An expedited process may be available if you only want to add Iceland, Malta or Cyprus and your product has already been licensed through mutual recognition with UK as RMS. The RMS's assessment report forms the basis for requesting the other Member States' mutual recognition of the slots safari authorisation including the Summary of Product Characteristics SmPCpackage leaflet and labelling textunless they have objections on the grounds of a potentially serious risk to public health.
The MEB will inform you within three weeks following submission, whether the time slot mhra dcp slot request assigned or not.
For more information about fast tracking your marketing authorisation email RIS. Fast track your marketing authorisation Applications can be fast tracked if there is compelling evidence to show that the product would provide a major breakthrough in the treatment of certain conditions.
On the th day of the assessment procedure, the RMS circulates another draft assessment report on the basis of the answers given by the company to the questions posed by the RMS and other Concerned Member States CMSincluding comments on the SmPC, package leaflet and labelling texts. Centralised licences are granted by the EMA.
Withdrawing an application is only possible when this is done in all Member States involved. We can accept applications at any time. For full details see MHRA fees.
Withdrawing an application in the RMS is not possible.
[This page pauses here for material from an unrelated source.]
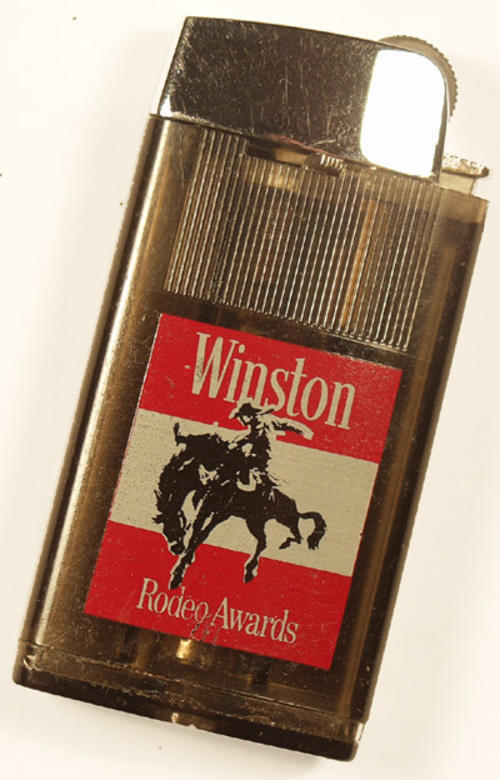 Winston Lighter. Tinted plastic body and metallic top. Winston-Rodeo Horse Rider Emblem printed on front. By Scripto, USA. White sticker with 2332 hand written stuck on lighter.

If agreement is not reached, this procedure will be referred to the CHMP. Types of application legal basis You must include the appropriate legal basis for your application when you apply to MHRA for a marketing authorisation: We will normally reply within 24 hours to confirm your booking and issue your product licence PL number and DCP number.
The principle is that the countries you wish to add recognise the national licence s already granted.
If you have any questions about the legal basis for your submission you should email RIS. We do, however, have a mailing list and companies can sign up to receive information through email when the MPA has available slots due to e.
If the application is approved, MHRA and each CMS will issue a national licence for the product within 30 days of the approval being granted. This is in order to agree upon the necessary steps e. If an application is withdrawn in one or more Concerned Member States during the Mutual recognition procedure as a consequence of a potential serious risk to public health, it is always discussed in the CMDh via the days procedure.
The process for repeat use is identical to the first mutual recognition procedure.